About me

I am a Senior Applied Scientist in the Office of Applied Research at Microsoft. I’m working on fair, robust, and reliable machine learning. Before joining Microsoft, I got my Ph.D. at Stanford under supervision of Percy Liang and my M.S. at MIT under supervision of Martin Rinard.

Fairness. ML Models can lead to discrimination, and in light of their increasing prevalence, it is necessary to address this problem (see this note). In my research I try to understand how we can investigate and mitigate discrimination of ML models, and how to study the feedback loops created by ML models. Previously I have shown unexpected reasons that cause ML models to exhibit discrimination. For example, adding the same amount of feature noise to all individuals (ICML2020, blog post), or the inductive bias in overparameterized regimes (FAccT2021, blog post) can lead to discrimination. In addition, in scenarios when protected groups are not known a priori, or there is an exponential number of such groups, I showed that what kind of statistical measure is possible to measure loss discrepancy among groups (SafeML,ICLR2019).
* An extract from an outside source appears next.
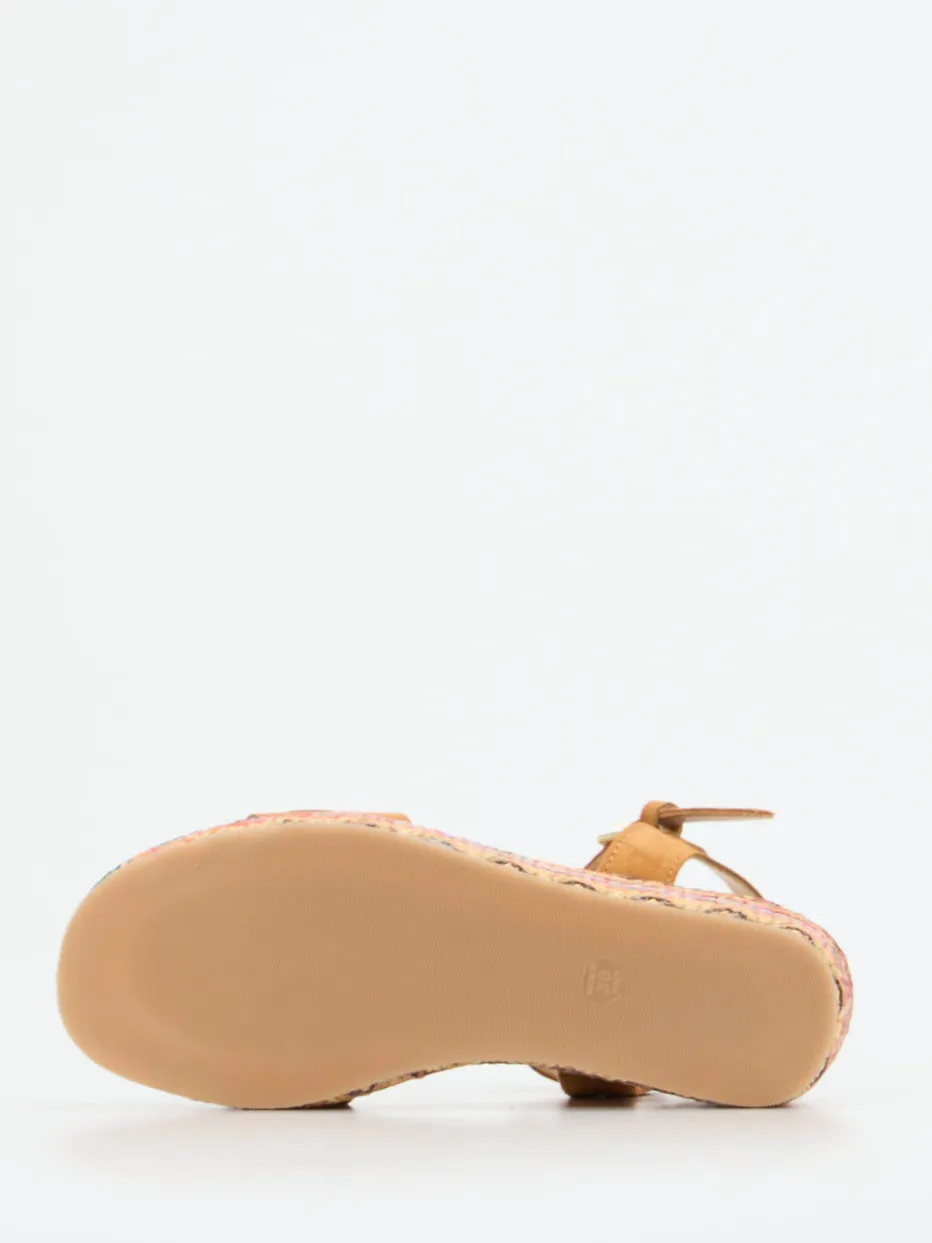 Boho-Glamour trifft farbenfrohe Handwerkskunst.Konstantin Starke präsentiert mit dieser Plateausandale ein stilvolles Damenmodell für die warme Jahreszeit. Perfekt für Urlaubsmomente oder entspannte Citytage: Der cognacbraune Velourslederriemen mit matt anmutender Oberfläche harmoniert reizvoll mit einer mehrfarbig geflochtenen Jute-Plateausohle im Zickzackdesign. Funkelnde Akzente setzt die goldfarbene Dornschließe mit Strassbesatz am Knöchelriemen. Die keilförmige Silhouette bietet durch 8 cm Absatzhöhe und gepolsterte Ledersohle angenehmen Tragekomfort. Stilistisch orientiert sich das Modell an der Retro- und Boho-Ästhetik, passend zur SS24-Platform-Trendwelle. Ein Blickfang, der Komfort und Trendgespür gekonnt verbindet.

Robustness. One main concern about utilizing ML models in the real world is their poor performance in new domains, even when the new domain is slightly different from the training domain. The prevalence of unlabeled data can help ML models to perform better in new domains. I have shown how to leverage unlabeled data through pretraining and finetuning to achieve better performance in a new domain (ICLR2021). Furthermore, I have demonstrated how unlabeled data can be utilized to make a model robust against spurious features without losing accuracy (FAccT2021).

Reliability. When the system is learned from data, uncertainty pervades! How can we manage this uncertainty properly to achieve the precision requirement for critical applications? I am interested in selective classification where a model can abstain if it cannot provide a true prediction with high probability. Previously, I proposed a model for semantic mappings that only makes predictions if all models consistent with training data unanimously agree, resulting in 100% precision (ACL2016).